These tender cookies are made with a rich yeast dough that requires no kneading or rising.
Makes 24 cookies.
2 to 2-1/4 cups all-purpose flour
1 envelope FLEISCHMANN’S RapidRise Yeast
1/2 cup sour cream
1 tablespoon water
1/2 cup (1 stick) butter or margarine, softened
1/3 cup cherry or raspberry preserves
1/4 cup dry bread crumbs
1/4 cup granulated sugar
2 tablespoons butter or margarine, softened
1/2 teaspoon pure almond extract
To make dough: In large bowl, combine 1/2 cup flour and undissolved yeast. Heat sour cream and water until very warm (120° to 130°F); stir into flour mixture. Stir in butter, egg and enough remaining flour to make soft dough. Divide dough in half; wrap each in plastic wrap. Refrigerate 2 to 24 hours.
To make filling: In small bowl, combine cherry preserves, bread crumbs, 1/4 cup sugar, butter and almond extract.

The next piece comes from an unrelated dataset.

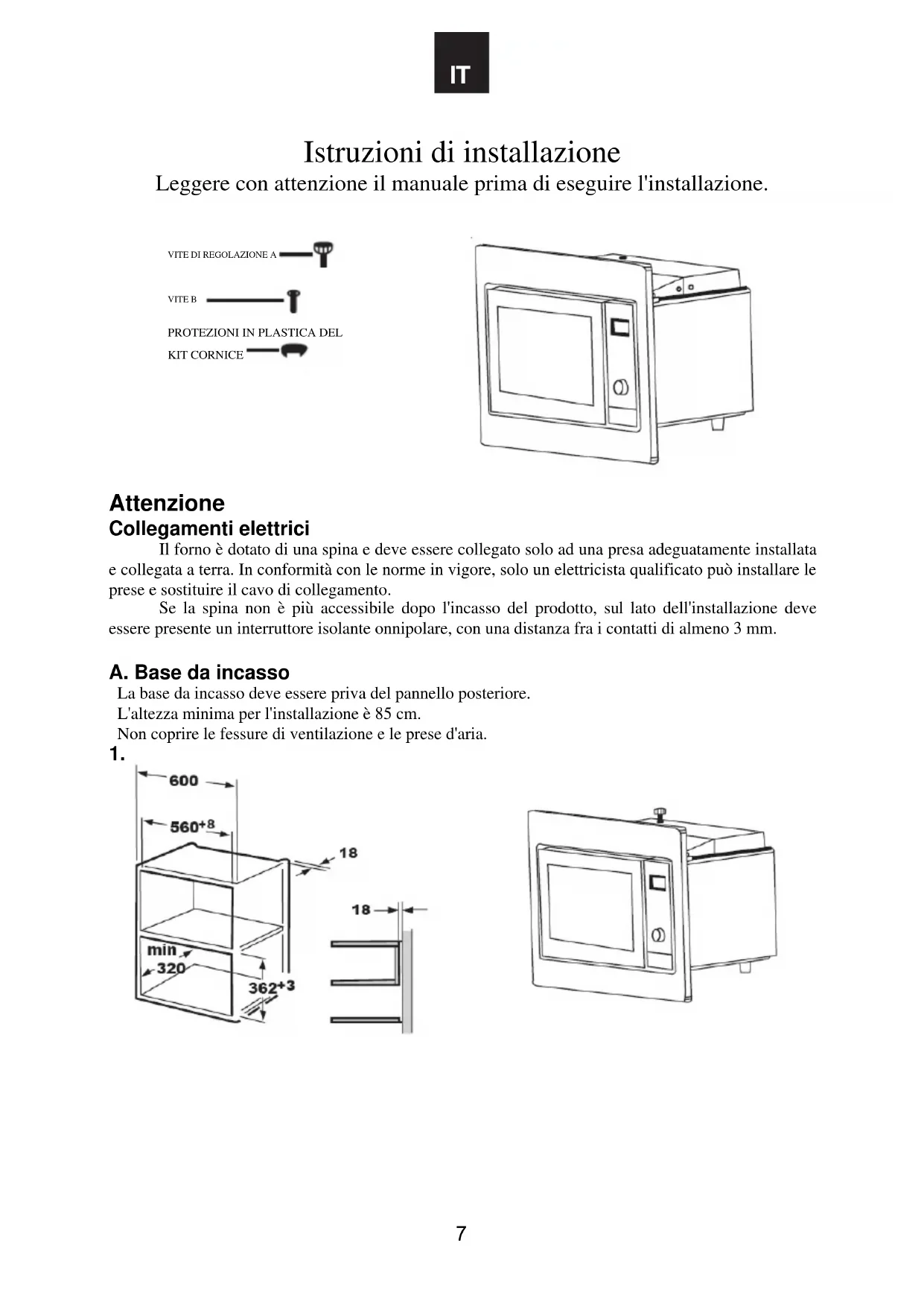 Attenzione Collegamenti elettrici Il forno è dotato di una spina e deve essere collegato solo ad una presa adeguatamente installata e collegata a terra. In conformità con le norme in vigore, solo un elettricista qualificato può installare le prese e sostituire il cavo di collegamento. Se la spina non è più accessibile dopo l'incasso del prodotto, sul lato dell'installazione deve essere presente un interruttore isolante onnipolare, con una distanza fra i contatti di almeno 3 mm. A. Base da incasso La base da incasso deve essere priva del pannello posteriore. L'altezza minima per l'installazione è 85 cm. Non coprire le fessure di ventilazione e le prese d'aria.

To shape: Sprinkle work surface with granulated sugar. Roll one half of dough to 18 x 8-inch rectangle. Spread half of filling lengthwise over half of dough. Fold dough, lengthwise in half, to form 18 x 4-inch rectangle; trim uneven edges, if desired. Cut crosswise into 12 (l 1/2-inch wide) strips; twist each in center to form “bow”. Place on lightly greased baking sheets.

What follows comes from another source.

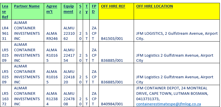 ALL 20’ST /40’ST/HC must be turned strictly into Shipping and General .

Bake at 375°F for 15 to 20 minutes or until golden brown, switching position of pans halfway through baking for more even browning. Remove from pans; cool on wire racks. Sift powdered sugar over cookies before serving.
For Currant Filling, omit above filling. In small bowl, combine 1/4 cup each: graham cracker crumbs, packed brown sugar, red currant jelly and currants (dried); proceed as recipe directs for fruit filling.
Per serving, using fruit filling (1 cookie): calories 145; total fat 6g; saturated fat 4g; cholesterol 24mg; sodium 63mg; carbohydrates 21g; dietary fiber 0g; protein 2g.
Per serving, using currant filling (1 cookie): calories 137; total fat 5g; saturated fat 3g; cholesterol 21mg; sodium 52mg; carbohydrates 21g; dietary fiber 1g; protein 2g.